Of course I made no reply, but just the same and as though hypnotized into doing so, I gave him a provocative look. I was furious afterward, and as I hurried out into the street I was blushing with irritation. I suppose women just can’t help reacting to a compliment, even a doubtful one. What made it worse was that I now had to pass within two feet of the girl. I felt a burning look sweep me from top to toe. I even fancied I could hear a harsh, despairing breath. The girl was standing with her feet apart and her neck stretched forward. It was as though she were trying to divine the quality of my body through my clothes. And I think it was those very clothes that baffled her the most. “What kind of woman,” she seemed to be wondering, “would wear a loose skirt when she could wear a tight one?”

I was miserable as I walked to the bus stop. “That girl thought I was a rival!” I said to myself furiously. “How shameful!” And then I thought further that they were probably fighting over me together right now, or even laughing. I was no longer in a daze. On the contrary, each former phantom in the crowd had been resurrected into flesh. I was painfully aware of each face and was dismayed by their expressions of anxiety and hate. The women seemed especially bitter since their beardless skins were less protected against the grinding monotony of life. How rarely one saw a smile or heard a laugh! And why should they laugh? Were they not mortal? Who knew what diseases lay inside them, body and soul?—inside them or inside me.

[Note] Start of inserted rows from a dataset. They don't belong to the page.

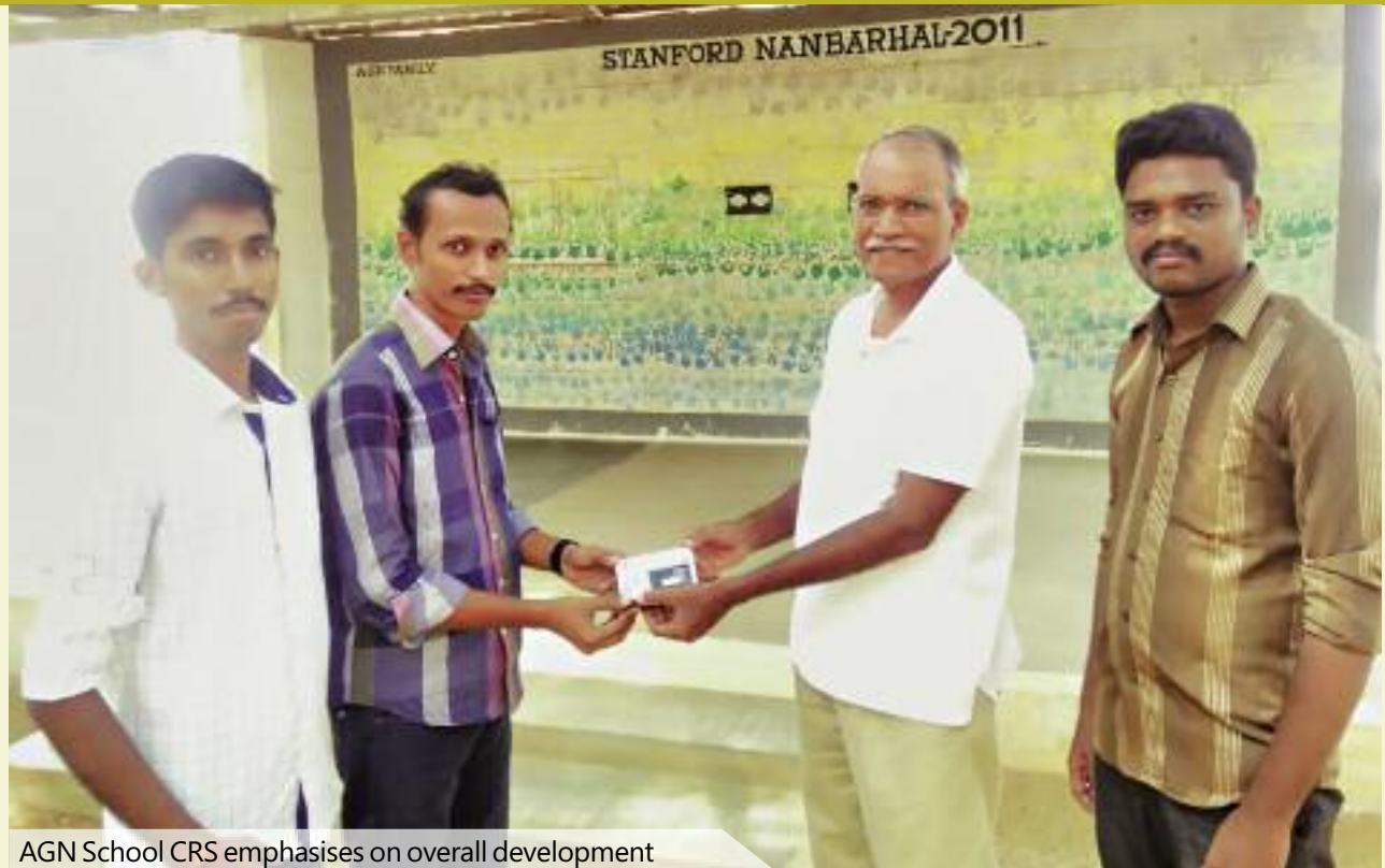
AGN School CRS emphasises on overall development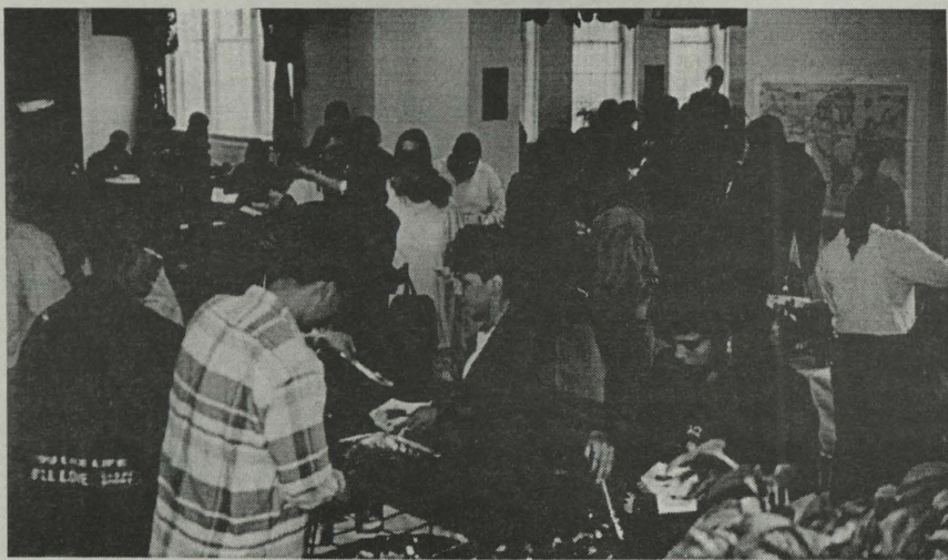
Tasting the Nations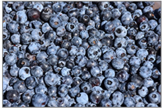
Lowbush Blueberry fruit

Lowbush Blueberry features dainty clusters of white bell-shaped flowers with shell pink overtones hanging below the branches in mid spring. It has dark green deciduous foliage. The oval leaves turn an outstanding scarlet in the fall. It features an abundance of magnificent blue berries in mid summer.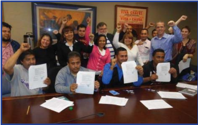
RWDSU Workers at four car washes across New York City ratified their first contracts.

Starting next year, workers will get five paid days off per year and two personal days, in addition to the right to take family leave and to attend to immigration issues.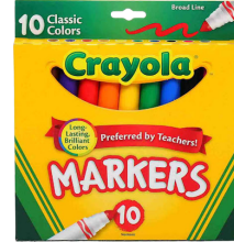
One Pack of Markers (10 Count)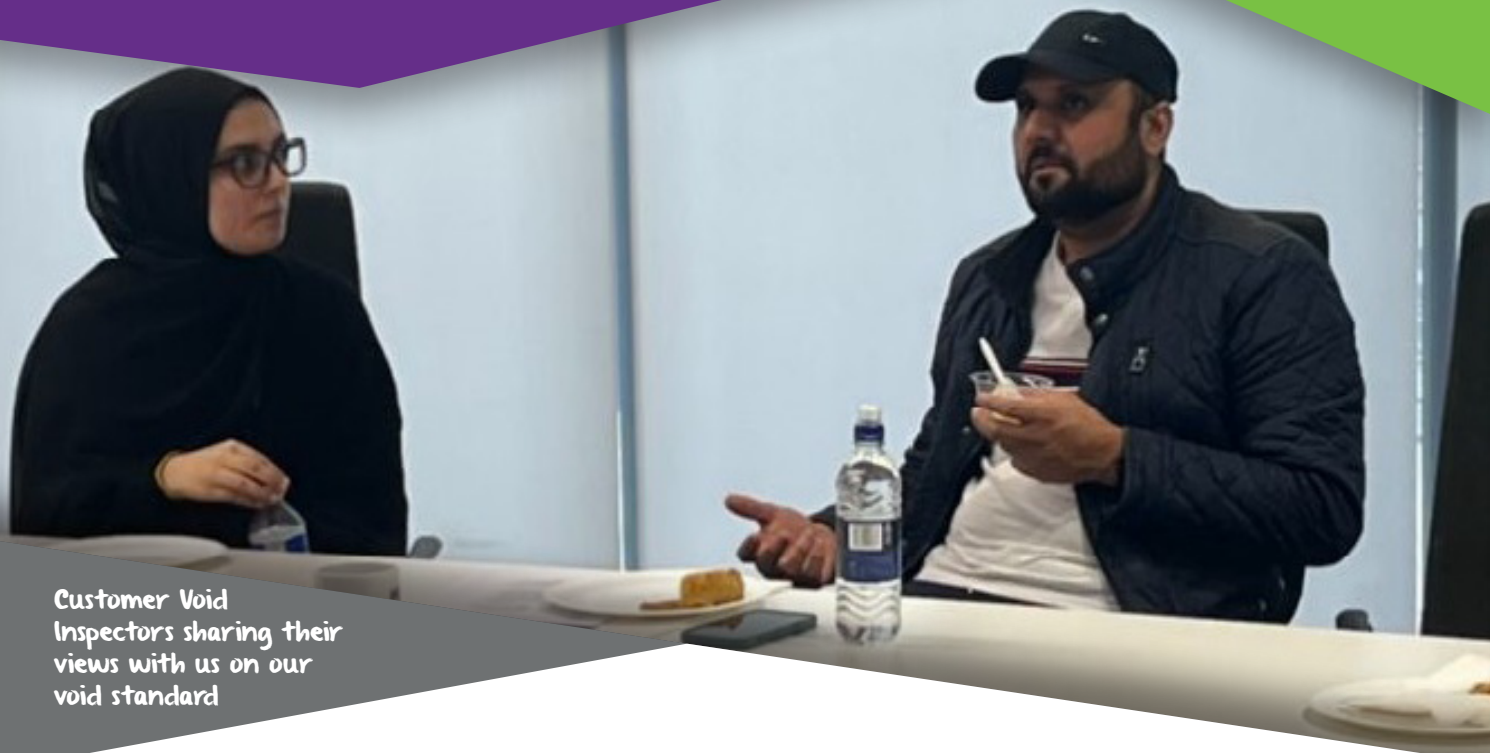
Customer Void Inspectors sharing their views with us on our void standard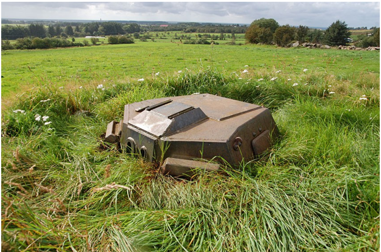
PzKpfw. II Flamingo turret – Festung Lista, near Hauge, Farsund (Norway)

Once on the bus I sat near the window and, leaning against the glass, looked out at the street. This street would last longer than I, Rose, who had been a child yesterday—or it probably would, though a bomb, a rising sea, or another planet could destroy it in an instant. There was an old man opposite me. I could see his reflection in the window: bearded, with dark, hollow eyes. “He’s like a prophet,” I thought, and I had the impression that he would suddenly rise and, with uplifted finger, tell of dreadful things to come. At the same time I could see through his reflection, through his eyes and his white beard to the twilight street beyond. And when, turning away from the window, I looked at him directly, I saw that his eyes that had seemed so deep were merely closed in senile slumber, while around his mouth the stained beard was wet.